I am working on a project to detect positive selection in several different genes.
I am working with colobus, rhinopithecus, macaca, gorilla, pan, pongo, homo, andrillus, papio, and have dogs and mice in there as well. We plan to separate these organisms into foreground and background clades as per Yang et al 2005 (Evaulation of an improved branch-site likelihood method for detecting positive selection at the molecular level). I am then going to attempt to detect positive selection using the branch site model test described in that same manuscript.

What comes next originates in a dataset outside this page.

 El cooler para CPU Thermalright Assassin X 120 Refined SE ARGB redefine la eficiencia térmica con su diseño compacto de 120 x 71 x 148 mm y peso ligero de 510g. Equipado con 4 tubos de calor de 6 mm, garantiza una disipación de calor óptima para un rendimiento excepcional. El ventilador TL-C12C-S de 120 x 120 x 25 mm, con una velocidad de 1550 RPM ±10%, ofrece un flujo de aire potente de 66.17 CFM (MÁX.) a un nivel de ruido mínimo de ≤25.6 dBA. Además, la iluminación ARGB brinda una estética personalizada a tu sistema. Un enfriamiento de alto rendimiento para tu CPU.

I feel comfortable with the statistical and theoretical parts of the exercise, however, I could really benefit from expert guidance on selecting sequences. Specifically, I am wanting to ask:
1) Beyond resources like genbank, is there a good place to get sequences on several different genes in each of these species? When doing this, is it acceptable retrieve sequences from a resource like that if you intend on publishing a positive selection paper, or is there a recommended protocol? Or are there multiple databanks?
2) My second question revolves around making the correct phylogenetic tree for the above organisms. I have obtained this tree from Clustal, have sanity checked it, and it makes sense with what I understand to be true, but I think that in the literature there is a standard way of making these trees. Could anyone briefly outline the best way to construct a tree for these organisms? With any luck it will validate what I already made, but I definitely want to check that.
3) Last, I would like to call on the experience of those who have conducted tests for positive selection based on dN/dS statistics: what are some of the most common or sinister ways of generating false positive results? Anything to double check to make sure my sequences and alignments are solid so that the statistics are measuring positive selection, and not some artifact of the sequence selection or alignment protocol?
Thank you very much for your time and help.